Assigned task
Print every line below exactly. Skip the pictures.

Dataset section
↓↓↓

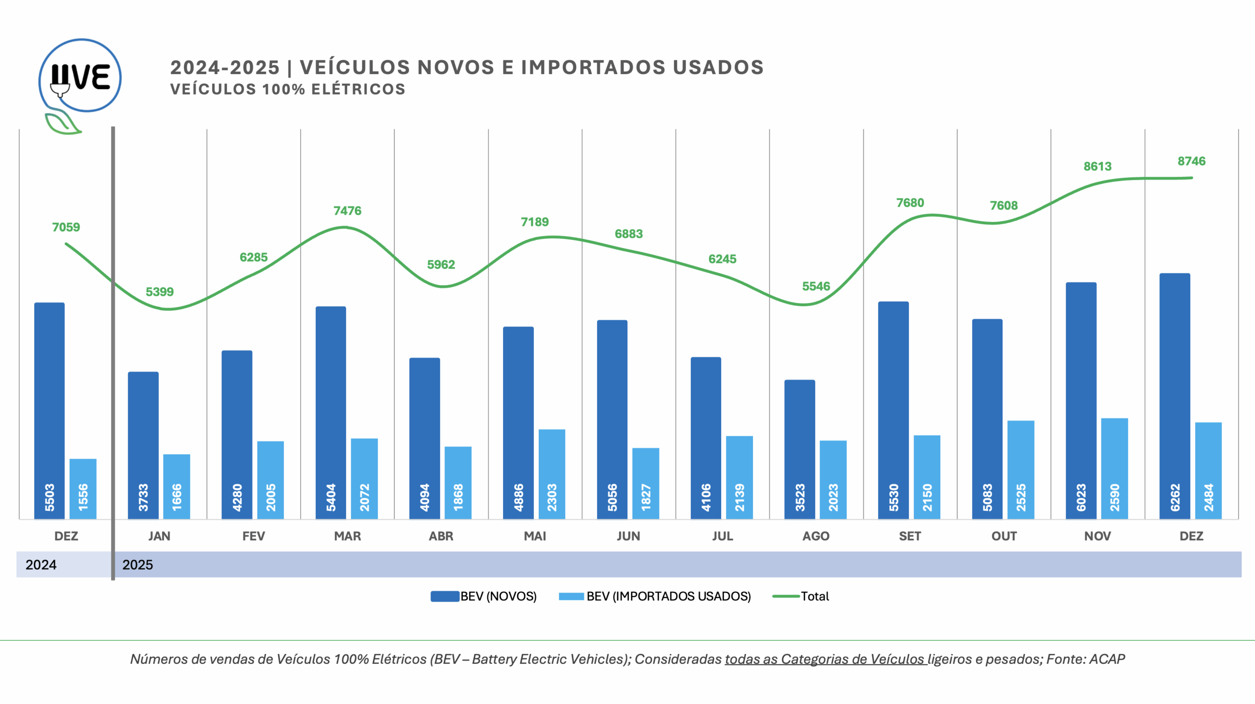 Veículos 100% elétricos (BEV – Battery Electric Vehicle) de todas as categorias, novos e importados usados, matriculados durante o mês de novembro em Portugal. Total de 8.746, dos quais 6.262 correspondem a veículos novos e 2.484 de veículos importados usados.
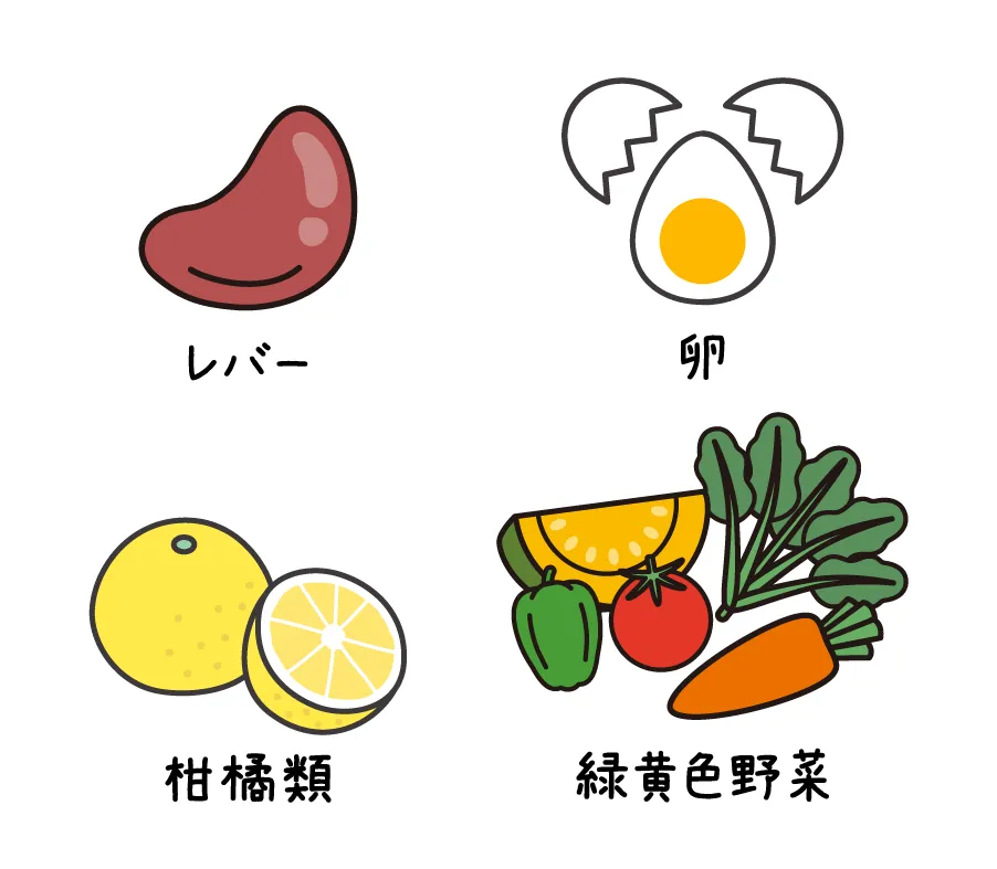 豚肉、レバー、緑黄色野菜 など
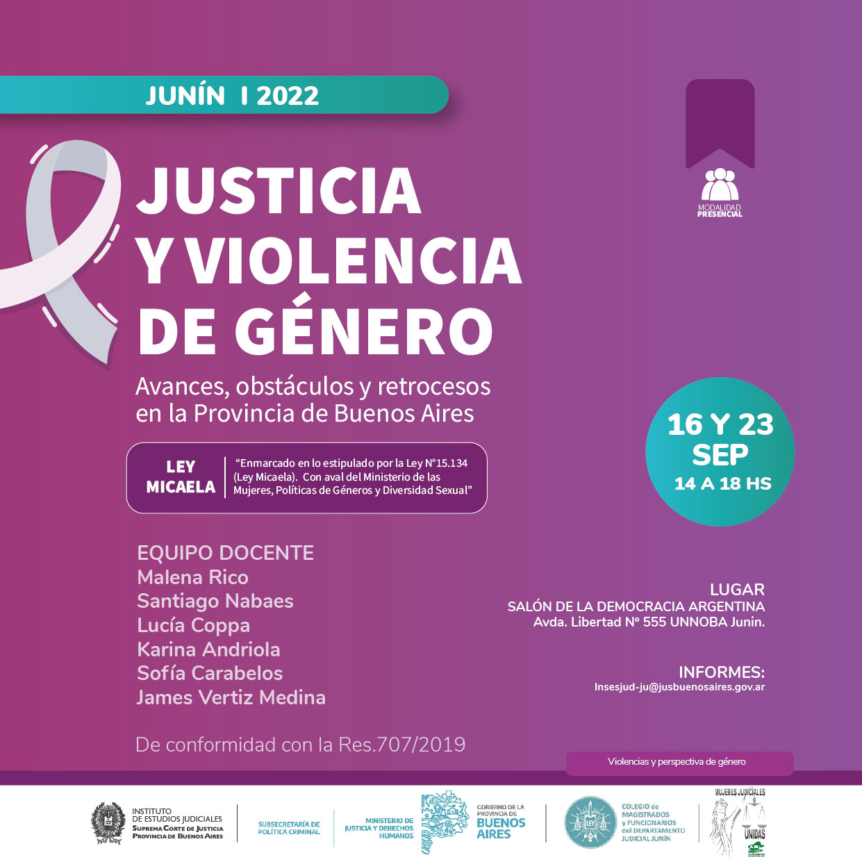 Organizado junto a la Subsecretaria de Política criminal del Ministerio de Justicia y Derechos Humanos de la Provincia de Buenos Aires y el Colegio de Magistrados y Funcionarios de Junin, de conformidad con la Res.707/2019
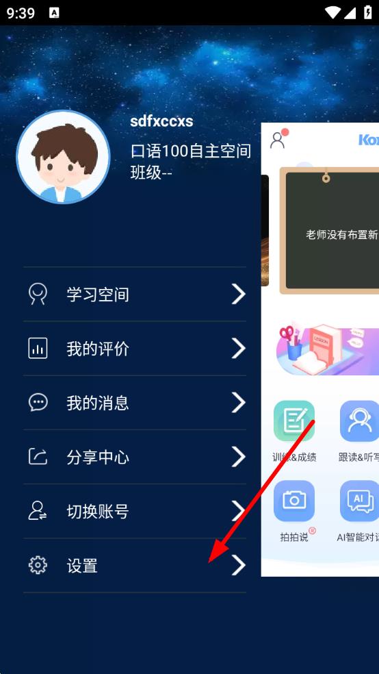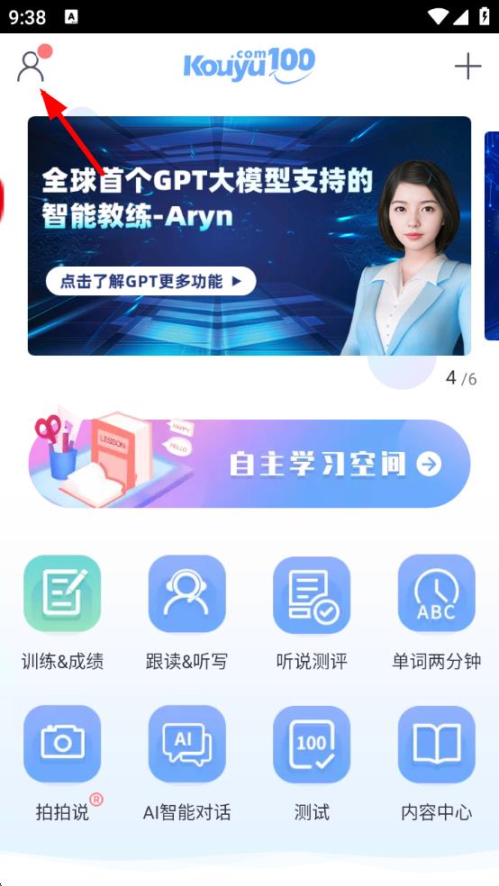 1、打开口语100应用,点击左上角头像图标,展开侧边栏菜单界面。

↑↑↑

Solution
 Veículos 100% elétricos (BEV – Battery Electric Vehicle) de todas as categorias, novos e importados usados, matriculados durante o mês de novembro em Portugal. Total de 8.746, dos quais 6.262 correspondem a veículos novos e 2.484 de veículos importados usados.
 豚肉、レバー、緑黄色野菜 など
 Organizado junto a la Subsecretaria de Política criminal del Ministerio de Justicia y Derechos Humanos de la Provincia de Buenos Aires y el Colegio de Magistrados y Funcionarios de Junin, de conformidad con la Res.707/2019
 1、打开口语100应用,点击左上角头像图标,展开侧边栏菜单界面。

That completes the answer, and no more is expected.